Joined: Tue Nov 26, 2013 11:21 am
Posts: 16
I know it's long but please bare w me...Hi, I was inducted yesterday morning and received my first dose of Subutex (not Suboxone), a 2mg pill at 10am and another 2 mg pill at 10:45am. I had been 72 hours clean and my drug screen was negative for all substances. My DOC was lortab 10, for the past 20 years with my use escalating this past year to 8-12 pills a day.

After the first 2mg pill about 15-20 minutes in I felt some relief however I was flushed feeling and really light headed. When the nurse came in to dose me again I told her how I felt and she assured me it was normal and instructed me to take a second pill. I did and she began going over my instructions which were to take 2 more doses, another 2mg at 5pm and another at 10-11pm then at 8am another-I am supose to take 4 pills a day until I return tomorrow at which time I will be switched to 16mg suboxone films, how many and so on I do not know.

This is my concern, after leaving the office after 4mg total of subutex, I progressively felt worse. I felt heavily sedated, not the warm fuzzy sedated feeling but the cold heavy head hurting sedated type feeling :( I never even took the third and fourth doses and since waking I still do not feel good, very groggy, heavy feeling, so I'm scared to take another dose. Another huge concern is when I woke up and went to the restroom, I felt like I could not pee, and in fact it was very difficult to do so. Does this have any relevance to the subutex?

So I have done 6 months of research on suboxone, pouring over this forum, hearing all the success, it gave me the courage to finally endure the required 72 hour withdrawal process, save up the 800 dollars needed for the induction and medication cost, and embark on this journey into being free of the hold lortab has held over me for 20 years....yet today, my birthday in fact, a day after my induction I'm terrified. I feel so sedated, headaches on and off, waves of on and off nausea, off balanced feeling-when walking, hard to focus my eyes when I can hold them open that is, hard to recollect words, is this normal? Please give me some advice because I'm really scared I've made a huge mistake. I have to be able to function and if this is the result I will have it will not work for me because I can do nothing at this point. What has went wrong? Was 4mg too much? When do I take another dose, since I threw the doctors dosing schedule out the window? Should I call my doctor or just wait until I see him tomorrow at 10 to discuss all these issues? Is there anything I can do to feel better?...somewhat human and not like a drug zonked zombie? I generally have a high tolerance to prescription meds, I'm no a lightweight, sadly, I have taken 12 lortab 10 in a 16 hour period of time and never missed a step BUT after 4 mg of Subutex, 23 hours later I'm feeling STILL heavily sedated, battling headaches and nausea.

Any input, advice,info will be Greatly appreciated. I am desperate for this treatment to work.
Thank you
Tabby


Top
 Profile  
 
PostPosted: Tue Nov 26, 2013 12:27 pm 
Offline
Long Time Member
Long Time Member
User avatar

Joined: Sat Jul 27, 2013 10:28 am
Posts: 666
Welcome to the forum Tabby!

Sorry to hear you aren't feeling so well. I have to admit I'm a bit stumped by your symptoms. Usually most everyone does quite well on a rather small dose such as 4mg at induction. You even admitted feeling a bit "flushed" and light headed which is not usually the case with everyone. That is somewhat of a mystery.

You did everything right by waiting the 72 hours which should have been plenty of time before taking that first dose of sub.. Based on what you report it really does sound as if the dose, even being 4mg total, is just too strong for you. Sub is very strong and powerful stuff, and can produce these symptoms if the dose is too high. I know many will say it's not that high, which it really isn't so it just doesn't make much sense why your feeling the way you are?

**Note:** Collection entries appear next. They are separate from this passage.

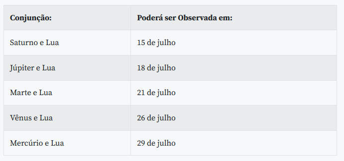Além das observações, o mês também reserva eventos astronômicos para aqueles que possuem crenças relacionadas ao posicionamento dos astros. Saturno, Júpiter, Mercúrio, Marte e Vênus terão conjunções lunares que poderão ser observadas no céu da manhã. Veja o calendário da Nasa:
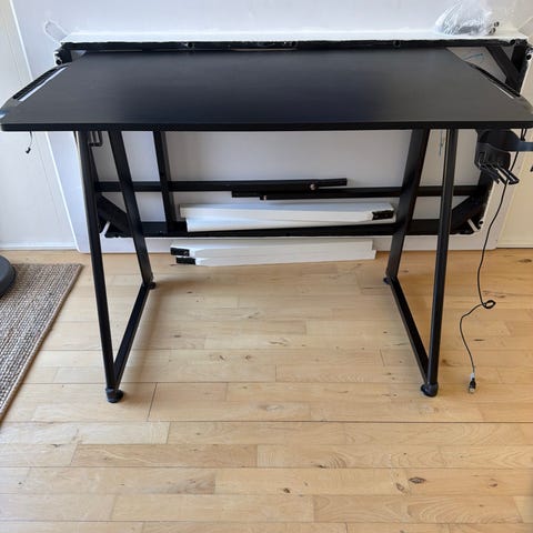 Lækkert gamerbord, til den kræsne gamer, hvor hele den sorte overflade er én stor musemåtte. Kan tages af, så det bliver et normalt skrivebord.
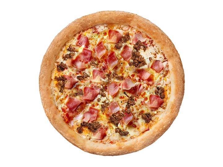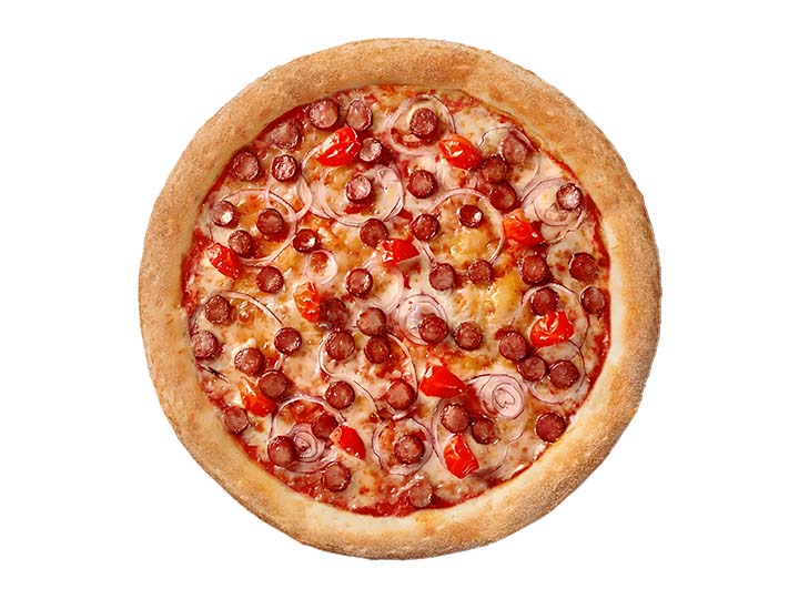 Chorizo ahumado y jamón inglés sobre mozzarella. Una pizza grande con sabor intenso.
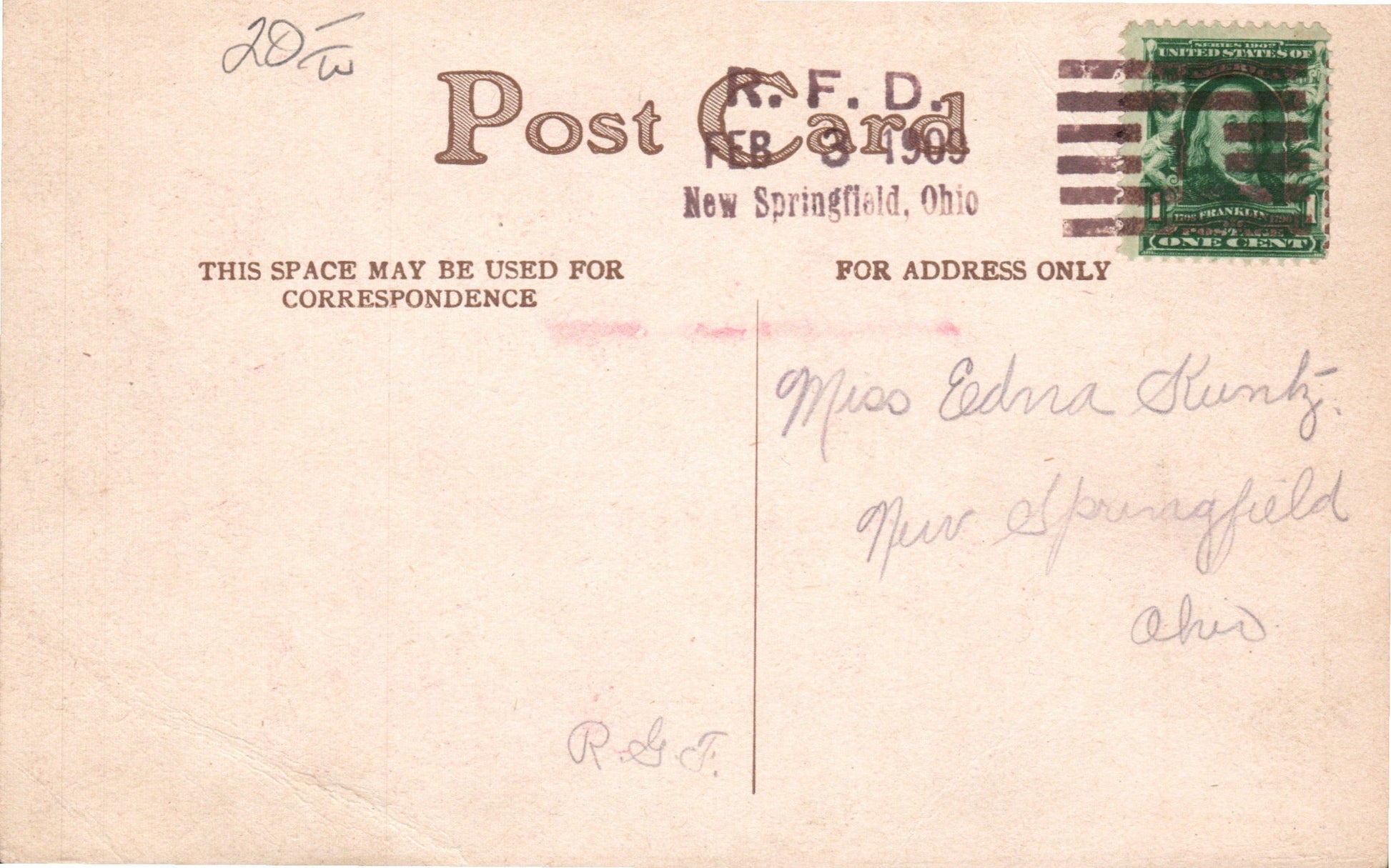 New Springfield Bold 1909 RFD 1 handstanp on post card

Now what do you do about it? I would not take any more sub and see the doctor tomorrow. Tell him exactly what has been happening. I would hope they tell you to discontinue taking any more of the Subutex and let most of it clear your system and see if you begin to feel better. At that point you could begin again with much smaller doses and see how you handle that. Maybe ask the doctor if you could begin by taking .25mg - .50mg pieces at first giving it a full hour to get in your system to see if that works. See how you feel after that and go from there. You might end up on much less than 4mg and feel ok at that point.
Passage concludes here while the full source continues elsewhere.